Saved data entries:
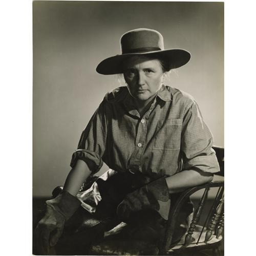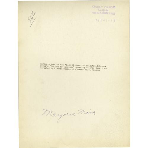 <B>Marjorie Main 11" x 14" Photograph by Clarence Sinclair Bull.</B></I> Historians and collectors usually associate the name of Clarence Sinclair Bull with his sumptuous glamorous portraits of MGM's most alluring stars. Was Marjorie Main alluring? Well...no, but she certainly had character, and Bull captures her delightful, no-nonsense personality in this 11" x 14" portrait from <I>Bad Man of Wyoming,</B></I> a 1940 MGM feature in which Marjorie appeared with Wallace Beery. The picture presents Marjorie in "lady blacksmith" attire, and the verso has Bull's stamp and a typed caption. A wonderful study of the actress who later became Hollywood's "Ma Kettle." Excellent condition.<BR><BR><b>Shipping:</b> Flat Material, Small (<a target="_blank" href="http://www.heritageauctions.com/common/shipping.php">view shipping information</a>)
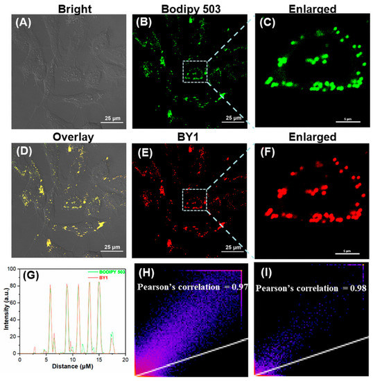 To explore the application of BY1 in LDs imaging in living cells, the potential cytotoxicity was evaluated using the Cell Counting Kit-8 (CCK8) assay and low cytotoxicity was observed (Figure S8). Next, the LDs imaging in HeLa cells was investigated via CLSM to confirm the specificity of the BY1 for LDs and the co-localization experiment was conducted by incubating HeLa cells with BY1 and Bodipy 503 (Figure 6). As illustrated in Figure 6E, BY1 selectively accumulated in LDs and displayed bright red fluorescence. Additionally, the staining pattern of BY1 was almost identical to the staining results of Bodipy 503 (Figure 6B–D). Moreover, a high overlap of the intensity profiles of BY1 and Bodipy 503 in the region of interest (ROI) was observed, and the intensity changes were closely synchronized (Figure 6G), which suggests a high overlap between BY1 and Bodipy 503. The Pearson’s correlation of the green channel (Figure 6B) and the red channel (Figure 6E) was calculated with a value up to 0.97 [22], indicating the powerful LDs-specific targeting capability. These results support the theory that BY1 is a promising NIR fluorescent probe for LDs imaging.
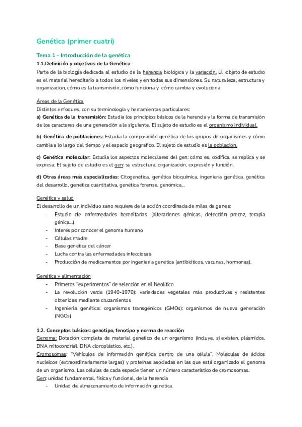 Aquí está todo el temario del primer cuatrimestre de genética, separado por pares de temas.
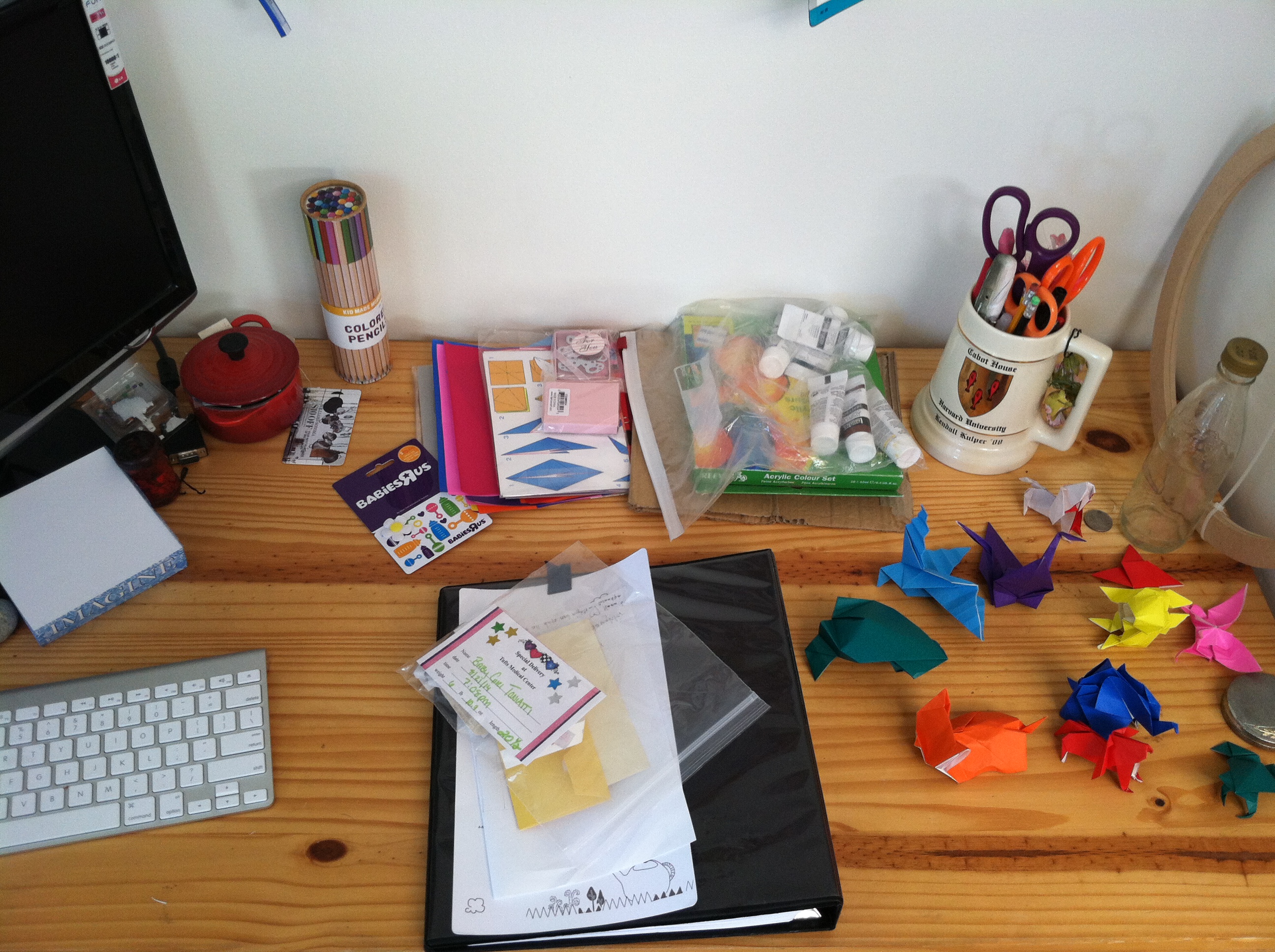 A menagerie of origami animals (which will eventually become my daughter’s mobile), a teeeeeny red LeCrueset pot that I use to store paperclips and odds and ends, my grandmother’s old makeup compact, my personalized beer stein from my college dorm, and lots of cards from friends and family about the new baby.
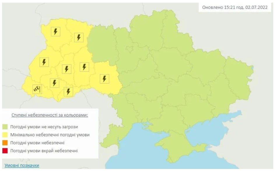 В субботу, 2 июля, в девяти областях Украины гидрометеорологический центр объявил штормовое предупреждение. Об этом говорится на сайте организации.
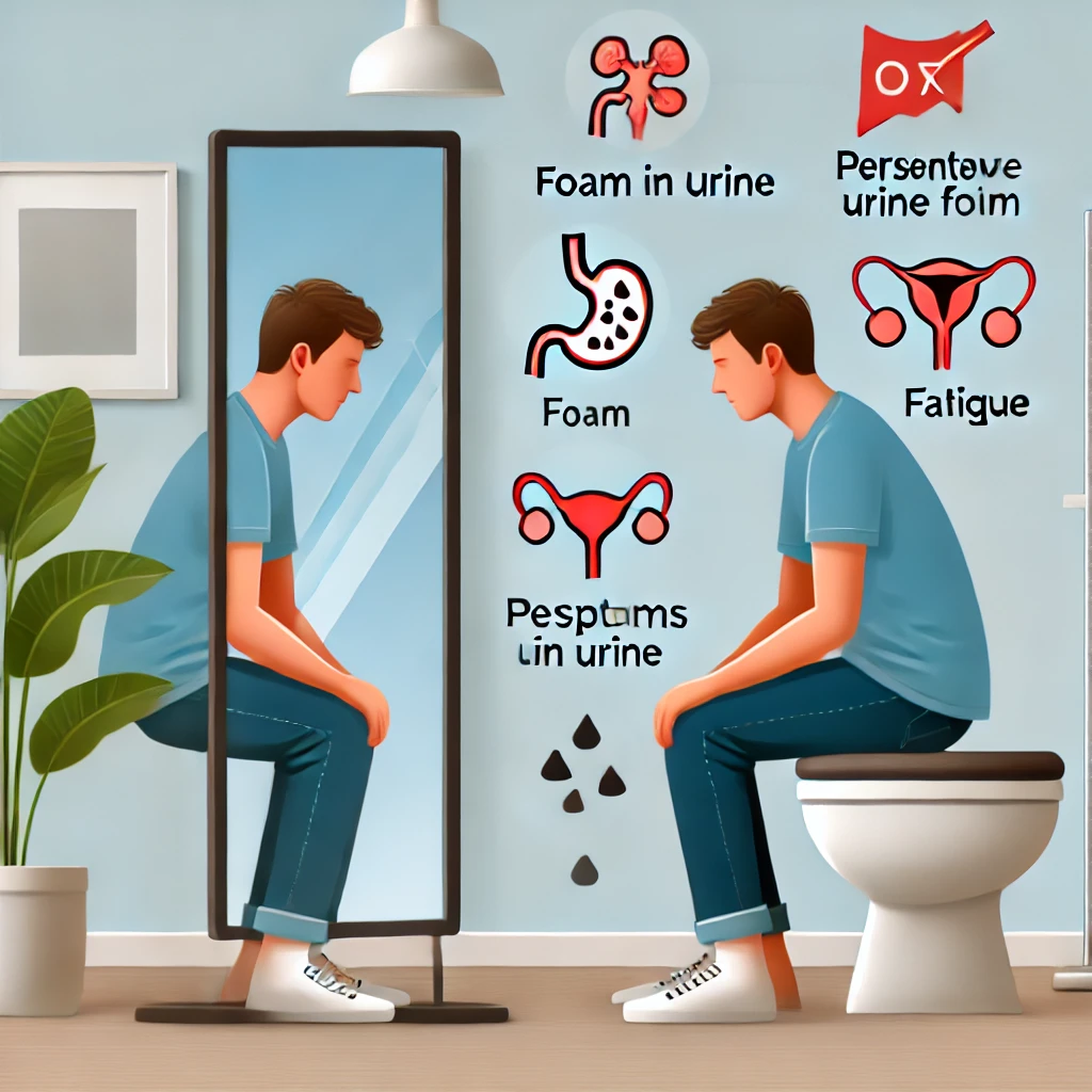 - 단백뇨: 소변에 단백질이 섞이는 경우, 거품이 생기고 오래 지속됩니다.
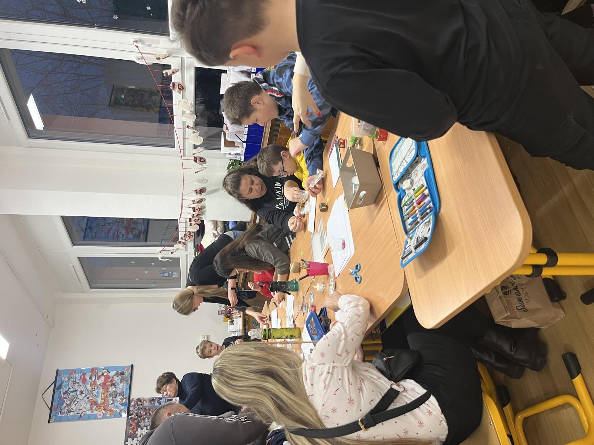 Ve čtvrtek v podvečer jsme si užili krásný předvánoční čas společně s dětmi i rodiči. V dílničkách jsme vytvářeli vánoční tvoření: vyráběli jsme vánoční přání - sněhuláčka ze svíček a stromeček jako dekoraci nebo ozdobu. Do školy přišlo spoustu dětí a rodičů, kteří zároveň přinesli i drobné občerstvení. Celé odpoledne proběhlo v příjemné atmosféře a moc jsme si ho užili.
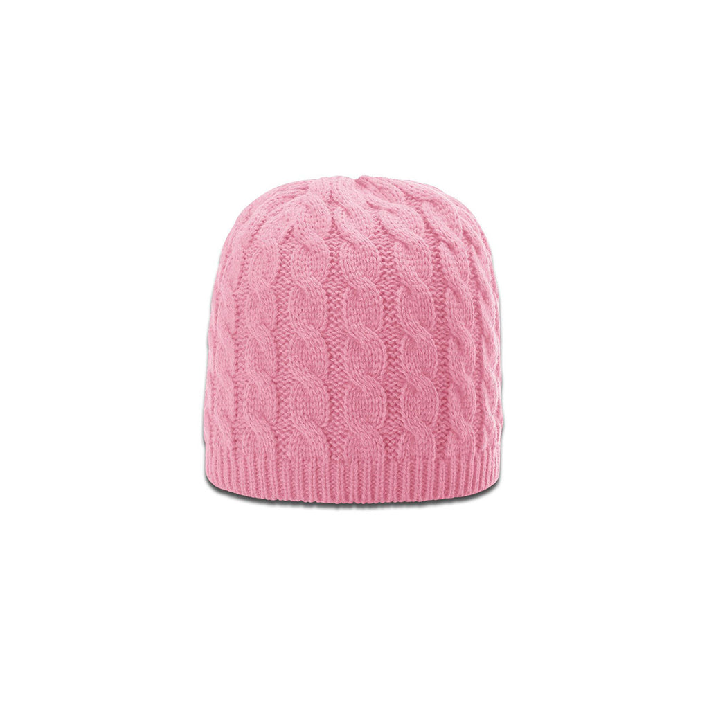 Embrace the cold with this Richardson Pink Cable Knit Beanie featuring soft and cozy construction. A classic cable-knit texture injects chalet-chic style into this toasty beanie. This Richardson Pink Cable Knit Beanie lets you customize it with your logo or brand name tag or label. Team it up with other wintry swag giveaways for maximum brand recognition.The minimum order for this product is 48 pieces.

## ABOUT THIS TASK
Only the lines from the top of the data through the line with "Aquí está todo" should be quoted, exactly and with both ends kept; skip the pictures.

## EXERCISE OUTPUT
 <B>Marjorie Main 11" x 14" Photograph by Clarence Sinclair Bull.</B></I> Historians and collectors usually associate the name of Clarence Sinclair Bull with his sumptuous glamorous portraits of MGM's most alluring stars. Was Marjorie Main alluring? Well...no, but she certainly had character, and Bull captures her delightful, no-nonsense personality in this 11" x 14" portrait from <I>Bad Man of Wyoming,</B></I> a 1940 MGM feature in which Marjorie appeared with Wallace Beery. The picture presents Marjorie in "lady blacksmith" attire, and the verso has Bull's stamp and a typed caption. A wonderful study of the actress who later became Hollywood's "Ma Kettle." Excellent condition.<BR><BR><b>Shipping:</b> Flat Material, Small (<a target="_blank" href="http://www.heritageauctions.com/common/shipping.php">view shipping information</a>)
 To explore the application of BY1 in LDs imaging in living cells, the potential cytotoxicity was evaluated using the Cell Counting Kit-8 (CCK8) assay and low cytotoxicity was observed (Figure S8). Next, the LDs imaging in HeLa cells was investigated via CLSM to confirm the specificity of the BY1 for LDs and the co-localization experiment was conducted by incubating HeLa cells with BY1 and Bodipy 503 (Figure 6). As illustrated in Figure 6E, BY1 selectively accumulated in LDs and displayed bright red fluorescence. Additionally, the staining pattern of BY1 was almost identical to the staining results of Bodipy 503 (Figure 6B–D). Moreover, a high overlap of the intensity profiles of BY1 and Bodipy 503 in the region of interest (ROI) was observed, and the intensity changes were closely synchronized (Figure 6G), which suggests a high overlap between BY1 and Bodipy 503. The Pearson’s correlation of the green channel (Figure 6B) and the red channel (Figure 6E) was calculated with a value up to 0.97 [22], indicating the powerful LDs-specific targeting capability. These results support the theory that BY1 is a promising NIR fluorescent probe for LDs imaging.
 Aquí está todo el temario del primer cuatrimestre de genética, separado por pares de temas.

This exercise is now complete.